Wednesday, October 24, 2012

October 2012 Newsletter

Phoenix, Arizona foreclosure activity falls again
By Kristena Hansen


Foreclosure activity throughout metro Phoenix and Arizona continued tumbling this summer at a rate that far outpaced the nation, according to the latest report released Tuesday by  CoreLogic.  Metro Phoenix’s foreclosure rate, meaning the percentage of all outstanding residential mortgages in a particular area that are in some stage of the foreclosure process, in July was 2.18 percent.

Read more, click HERE!

Read entire newsletter, click HERE!

Tuesday, October 23, 2012

10 things you need to know about the 3.8% tax that could go into effect 2013


Here is the Top Ten Things You Need to know about the New 3.8% Real Estate Sales Tax

When you add up all of your income from every possible source, and that total is less than $200,000 ($250,000 on a joint tax return), you will NOT be subject to this tax.

The 3.8% tax will NEVER be collected as a transfer tax on real estate of any type, so you’ll NEVER pay this tax at the time that you purchase a home or other investment property.

You’ll NEVER pay this tax at settlement when you sell your home or investment property. Any capital gain you realize at settlement is just one component of that year’s gross income.

If you sell your principal residence, you will still receive the full benefit of the $250,000 (single tax return)/$500,000 (married filing joint tax return) exclusion on the sale of that home.
If your capital gain is greater than these amounts, then you will include any gain above these amounts as income on your Form 1040 tax return.

Even then, if your total income (including this taxable portion of gain on your residence) is less than the $200,000/$250,000 amounts, you will NOT pay this tax.
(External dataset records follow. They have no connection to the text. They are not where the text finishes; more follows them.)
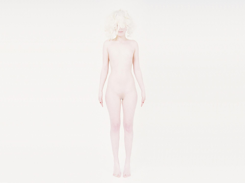 NONAME shows a naked body whose flesh has been purified, digitally homogenized. In a slow, continuous and repetitive movement, this body appears and then fades away ; only a few gendered external attributes remain visible. This new corporeal appearance and the temporality and movement of the image allude to the evanescence of corporeal identity.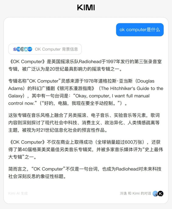 「OK Computer」有何来历?我问了下Kimi。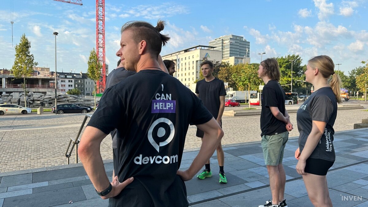 21일 오전 7시 50분쯤이 되자 쾰른메쎄역 앞에 사람들이 모이기 시작했습니다. 데브컴 티셔츠를 입고 있어서 쉽게 찾을 수 있었는데요. 대부분 반팔에 반바지, 조깅용 운동화 등 가벼운 옷차림으로 모였습니다. 서로 대화하는 걸 들어보니 대부분 아는 사이가 아닌, 순전히 조깅하기 위해 모였더라고요. 어느 나라에서 왔냐, 무슨 일을 하냐 등의 대화가 얘기가 오갔습니다. 그리고 8시 정각이 되자 개발자들은 가볍게 스트레칭하고서 뛰었습니다.

If your total income is more than these amounts, a formula will protect some portion of your investment.


The tax applies to other types of investment income, not just real estate. If your income is more than the $200,000/$250,000 amount, then the tax formula will be applied to capital gains, interest income, dividend income and net rents (i.e., rents after expenses).

The tax goes into effect in 2013. If you have investment income in 2013, you won’t pay the 3.8% tax until you file your 2013 Form 1040 tax return in 2014. The 3.8% tax for any later year will be paid in the following calendar year when the tax returns are filed.
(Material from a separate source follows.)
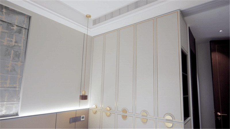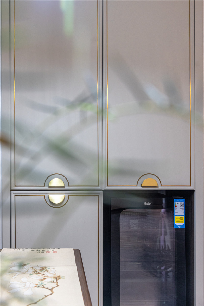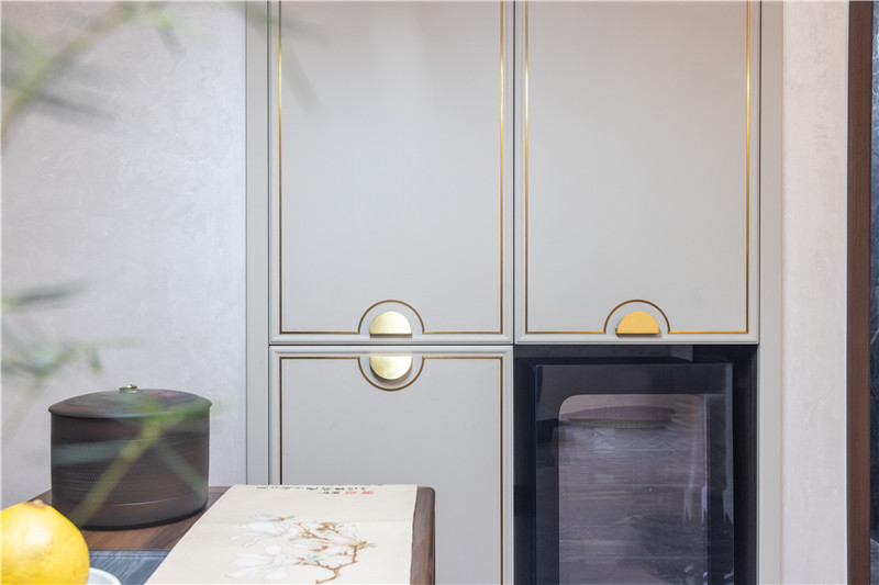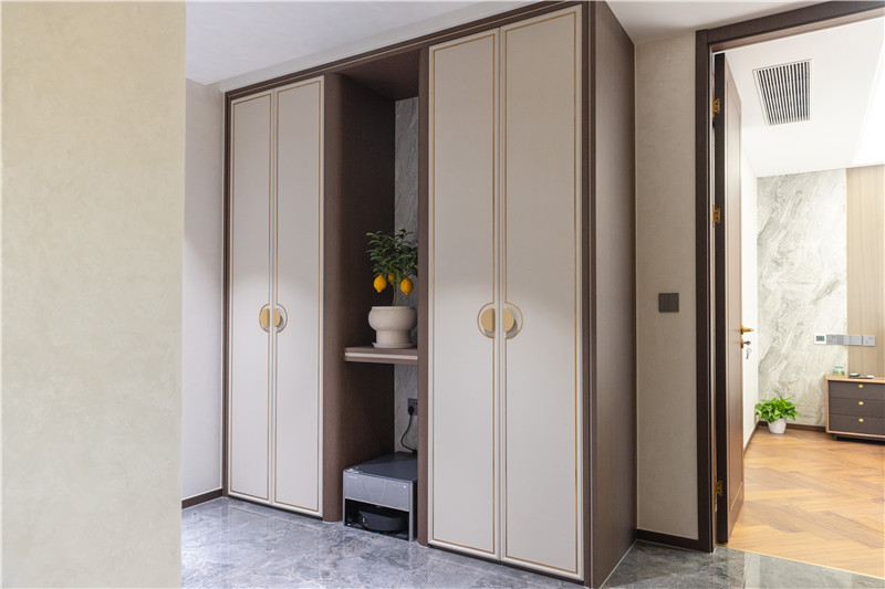 一組一柜到頂柜,中部隔層造景,加入換鞋凳并合理預留掃地機器人放置區(qū),合理且細致;兩側邊米褐色門板以金屬條點綴,配以中式扇形拉手,好看實用。

In any particular year, if you have NO income from capital gains, rents, interest or dividends, you’ll NEVER pay this tax, even if you have millions of dollars of other types of income.

The formula that determines the amount of 3.8% tax due will ALWAYS protect $200,000 ($250,000 on a joint return) of your income from any burden of the 3.8% tax. For example, if you are single and have a total of $201,000 income, the 3.8% tax would NEVER be imposed on more than $1000.
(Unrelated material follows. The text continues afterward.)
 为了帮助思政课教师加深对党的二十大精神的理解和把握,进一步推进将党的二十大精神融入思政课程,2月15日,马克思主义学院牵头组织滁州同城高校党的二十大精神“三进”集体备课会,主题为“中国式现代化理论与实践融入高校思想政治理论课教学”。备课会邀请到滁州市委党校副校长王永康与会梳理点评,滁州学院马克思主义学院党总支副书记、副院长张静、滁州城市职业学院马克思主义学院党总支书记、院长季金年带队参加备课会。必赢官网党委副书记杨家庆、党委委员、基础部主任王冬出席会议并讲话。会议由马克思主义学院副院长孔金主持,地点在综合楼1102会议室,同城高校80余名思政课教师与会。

It is true investment income from rents on an investment property could be subject to the 3.8% tax. BUT: The only rental income that would be included in your gross income and therefore possibly subject to the tax is net rental income: gross rents minus expenses like depreciation, interest, property tax, maintenance and utilities.

The tax was enacted along with the health care legislation in 2010. It was added to the package just hours before the final vote and without review. NAR strongly opposed the tax at the time, and remains hopeful that it will not go into effect. The tax will no doubt be debated during the upcoming tax reform debates in 2013.

Tuesday, October 9, 2012

October 2012 Market Report

For the full report, click HERE!

Friday, October 5, 2012

Recovery is the buzz word....finally!!


The National Housing Market Continues to Improve



Mortgage rates have reached record lows, making home ownership more affordable than ever before. Americans considering buying a home should feel secure about investing in real estate; the housing market is continuing to improve.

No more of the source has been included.